We arrived quite early to the campsite and spent the afternoon relaxing. Another overlanding company was in the site next to us and were having problems with their truck, so when we decided to head out to the canyon edge for sunset we took them with us. We were all dropped off at a small viewpoint and then had the opportunity to walk the couple of kilometers back to the parking area along the canyon edge. The view was spectacular.

Loo with a view!


Lighting conditions were quite difficult. The river only flows for a couple of months a year.

The canyon is up to 500m deep
Back at the truck JP had set up a surprise of champagne and nibblies while we waited for sunset. We then discovered that our truck was going to be staying at the canyon for dinner and some stargazing. Luckily for the other group, Jacques had managed to get their truck working again as we didn't have enough food for them. Apart from that, as soon as the sun set the temperature dropped to near freezing and the other group didn't have any warm clothes.Trying to keep warm. TIA - This Is Africa!!

We finished the evening back at camp with an 11 person game of cards (with glow in the dark cards!!) held inside one 2 man tent.
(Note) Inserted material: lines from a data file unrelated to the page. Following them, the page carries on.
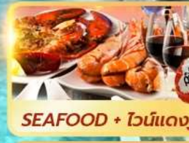
SEAFOOD + ไวน์แดง
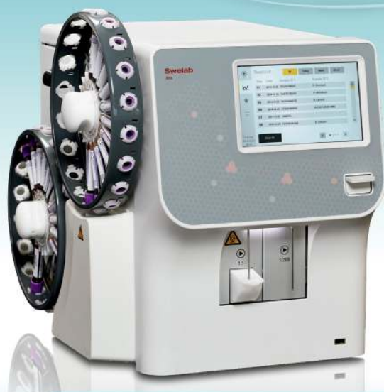
Swelab Alfa Plus Sampler 3 Diff · Carrousel · Adaptador MPA

Se necesitan más investigaciones futuras para un mejor conocimiento de las vías de activación y las actividades superpuestas de los diferentes IFN.
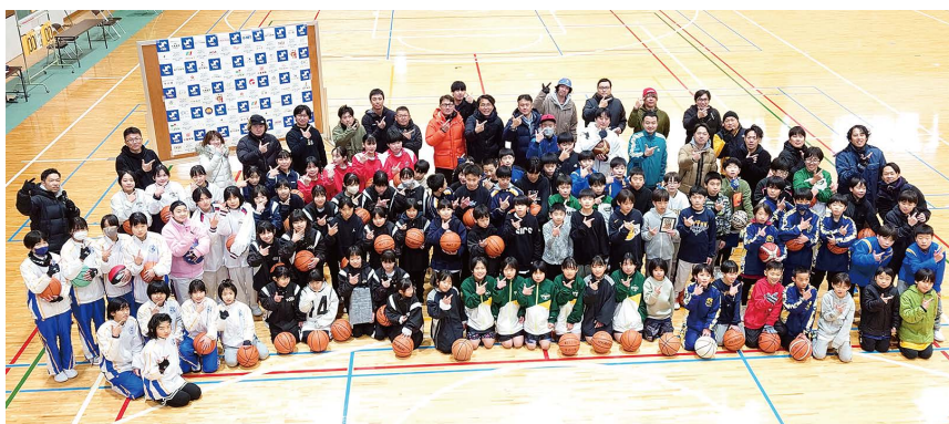
最後は参加した全24チームで記念撮影
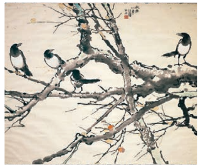
徐悲鴻作品《秋興圖》。
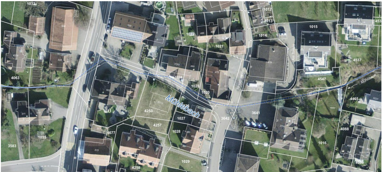
Abb. 4; Orthophoto mit Gewässernetz geoportal.ch (ohne Massstab)
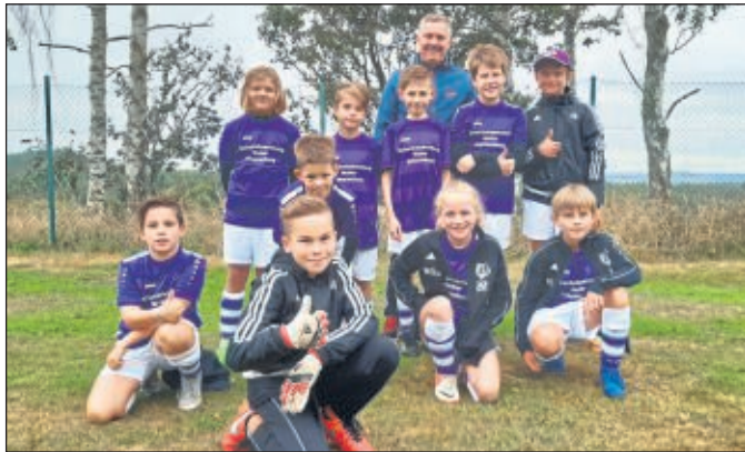
Die siegreichen Jungs und Mädels
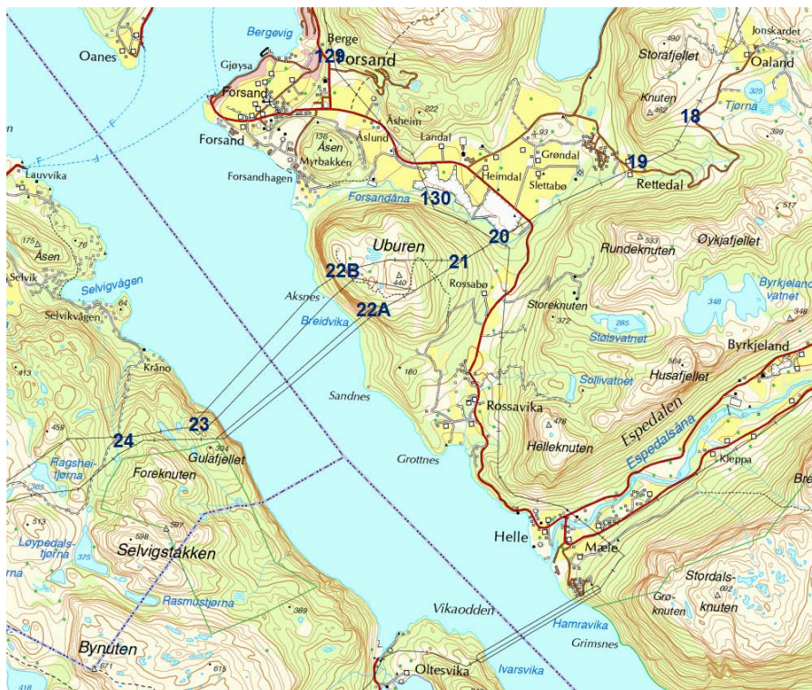
Figur F: Fra Oaland til etter kryssing av Høgsfjorden
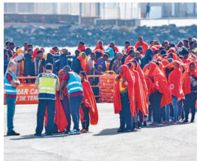
Migrantes llegando a las costas canarias E.P.
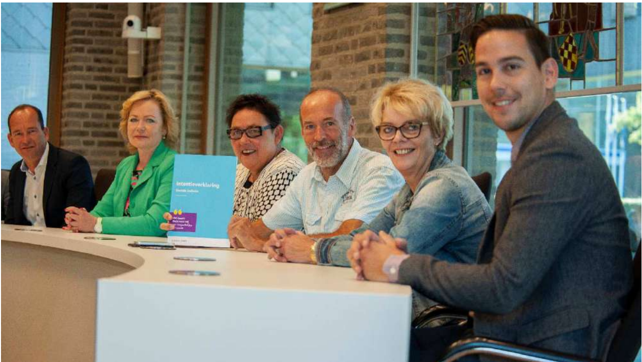
18 september 2018: het college van burgemeester en wethouders ondertekent de intentieverklaring.

De Klankbordgroep Inclusie in Stein speelt dus een belangrijke rol in het bevorderen van inclusie en zet zich in voor een gemeente waar iedereen kan meedoen en meetelt.

I think it was the first time we had felt warm since the sun set!

Believe it or not but all 11 people have at least one body part in this photo...


It was also here that we realised our trip was nearly at an end as the next morning we were crossing the border into South Africa.

Wednesday, May 05, 2010

Dune 45 and Sossusvlei

We were up before dawn to be at the National Park Gates when they opened, ready for the race up the dunes for sunrise. Dune 45 is named because it is the 45th dune from Sossusvlei and coincidentally 45km from Sesriem. While its not the biggest of the dunes (170m) it is the most accessible to normal vehicles.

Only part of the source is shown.